Material for the task START
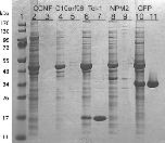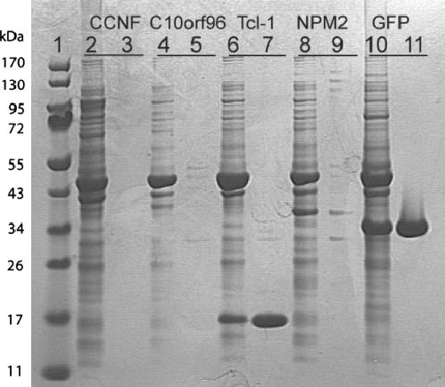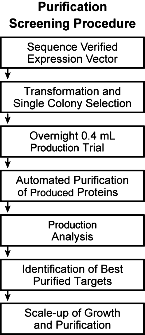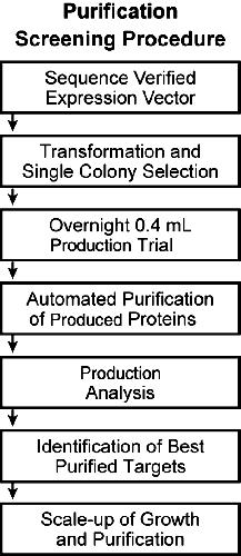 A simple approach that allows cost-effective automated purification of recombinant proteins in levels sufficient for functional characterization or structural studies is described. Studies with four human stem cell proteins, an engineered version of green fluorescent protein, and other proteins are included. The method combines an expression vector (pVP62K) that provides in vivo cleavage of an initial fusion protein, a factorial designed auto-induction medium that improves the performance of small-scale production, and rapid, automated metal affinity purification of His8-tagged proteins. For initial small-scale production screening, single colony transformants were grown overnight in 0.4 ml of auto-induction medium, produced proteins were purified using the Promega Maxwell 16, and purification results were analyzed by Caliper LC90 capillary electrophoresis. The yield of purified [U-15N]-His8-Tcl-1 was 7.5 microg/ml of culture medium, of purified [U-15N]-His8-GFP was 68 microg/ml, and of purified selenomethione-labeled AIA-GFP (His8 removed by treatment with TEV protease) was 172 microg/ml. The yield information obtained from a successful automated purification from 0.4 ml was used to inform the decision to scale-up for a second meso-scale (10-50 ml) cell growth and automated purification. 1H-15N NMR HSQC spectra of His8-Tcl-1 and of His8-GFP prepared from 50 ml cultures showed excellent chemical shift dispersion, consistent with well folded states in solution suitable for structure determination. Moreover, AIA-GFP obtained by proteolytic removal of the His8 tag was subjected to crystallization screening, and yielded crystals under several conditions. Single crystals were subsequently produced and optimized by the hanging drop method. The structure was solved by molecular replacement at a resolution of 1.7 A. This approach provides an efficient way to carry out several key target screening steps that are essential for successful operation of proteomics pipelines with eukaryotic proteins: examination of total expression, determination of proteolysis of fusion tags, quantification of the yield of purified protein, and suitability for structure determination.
Material for the task END
Material for the task START
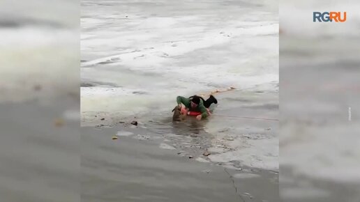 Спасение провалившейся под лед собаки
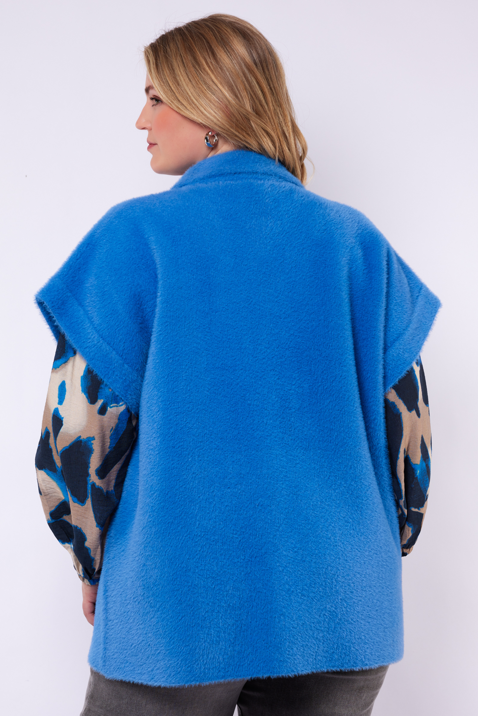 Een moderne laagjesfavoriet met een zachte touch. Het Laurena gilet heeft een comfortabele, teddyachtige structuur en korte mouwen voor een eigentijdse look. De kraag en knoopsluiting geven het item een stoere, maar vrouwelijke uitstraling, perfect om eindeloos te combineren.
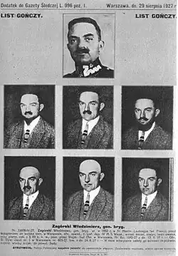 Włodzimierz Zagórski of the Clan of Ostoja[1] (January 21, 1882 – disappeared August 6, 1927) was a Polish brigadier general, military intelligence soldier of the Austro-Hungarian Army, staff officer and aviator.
Material for the task END
**Assignment**.
Restate word for word the lines of the data above that begin at the line with "Спасение провалившейся под лед собаки" and end at the line with "Włodzimierz Zagórski of", keeping both ends and dropping every picture.

**Completed task**.
 Спасение провалившейся под лед собаки
 Een moderne laagjesfavoriet met een zachte touch. Het Laurena gilet heeft een comfortabele, teddyachtige structuur en korte mouwen voor een eigentijdse look. De kraag en knoopsluiting geven het item een stoere, maar vrouwelijke uitstraling, perfect om eindeloos te combineren.
 Włodzimierz Zagórski of the Clan of Ostoja[1] (January 21, 1882 – disappeared August 6, 1927) was a Polish brigadier general, military intelligence soldier of the Austro-Hungarian Army, staff officer and aviator.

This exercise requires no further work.